Material provided:
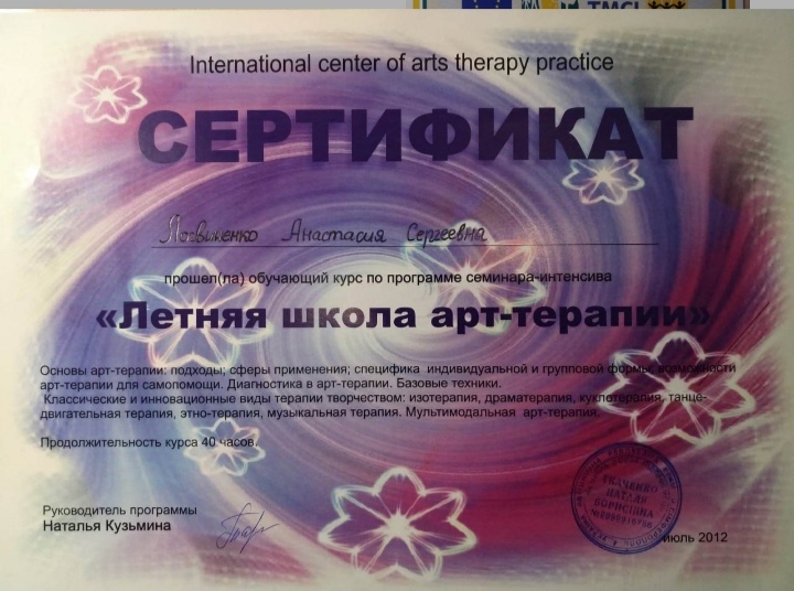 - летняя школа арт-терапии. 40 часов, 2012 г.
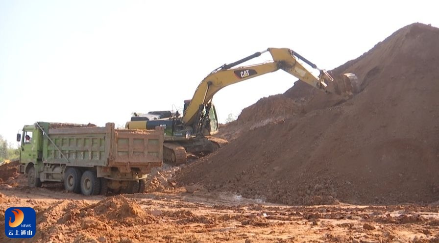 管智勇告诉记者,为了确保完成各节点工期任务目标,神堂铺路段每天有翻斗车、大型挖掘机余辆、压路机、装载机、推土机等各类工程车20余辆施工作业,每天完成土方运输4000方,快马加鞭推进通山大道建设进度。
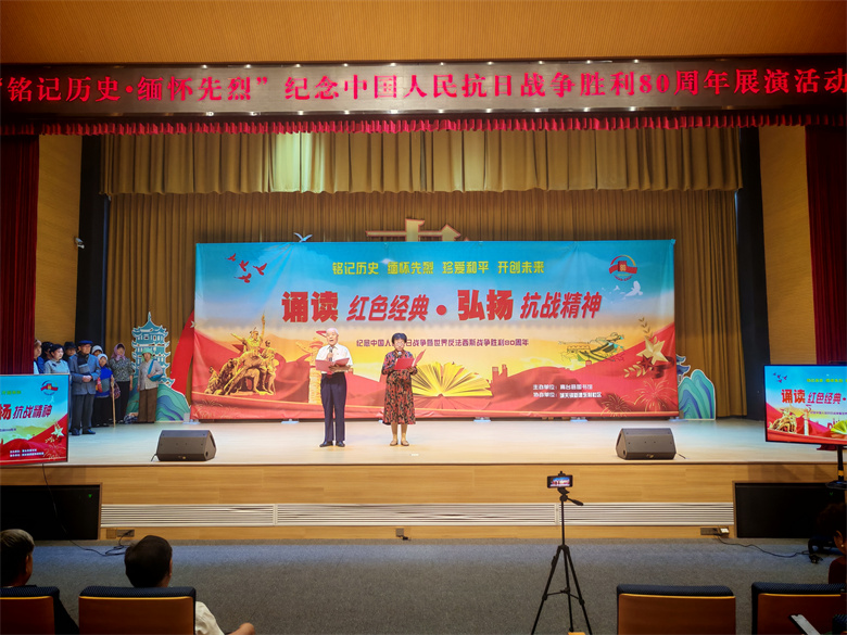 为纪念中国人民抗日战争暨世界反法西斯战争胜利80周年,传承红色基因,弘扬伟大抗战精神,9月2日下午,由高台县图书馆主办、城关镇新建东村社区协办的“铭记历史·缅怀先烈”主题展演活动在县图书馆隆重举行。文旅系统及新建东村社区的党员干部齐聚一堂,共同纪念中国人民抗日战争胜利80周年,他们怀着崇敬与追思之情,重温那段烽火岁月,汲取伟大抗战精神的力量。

Work instruction:
Copy out the data exactly and keep the pictures out.

Answer box:
 - летняя школа арт-терапии. 40 часов, 2012 г.
 管智勇告诉记者,为了确保完成各节点工期任务目标,神堂铺路段每天有翻斗车、大型挖掘机余辆、压路机、装载机、推土机等各类工程车20余辆施工作业,每天完成土方运输4000方,快马加鞭推进通山大道建设进度。
 为纪念中国人民抗日战争暨世界反法西斯战争胜利80周年,传承红色基因,弘扬伟大抗战精神,9月2日下午,由高台县图书馆主办、城关镇新建东村社区协办的“铭记历史·缅怀先烈”主题展演活动在县图书馆隆重举行。文旅系统及新建东村社区的党员干部齐聚一堂,共同纪念中国人民抗日战争胜利80周年,他们怀着崇敬与追思之情,重温那段烽火岁月,汲取伟大抗战精神的力量。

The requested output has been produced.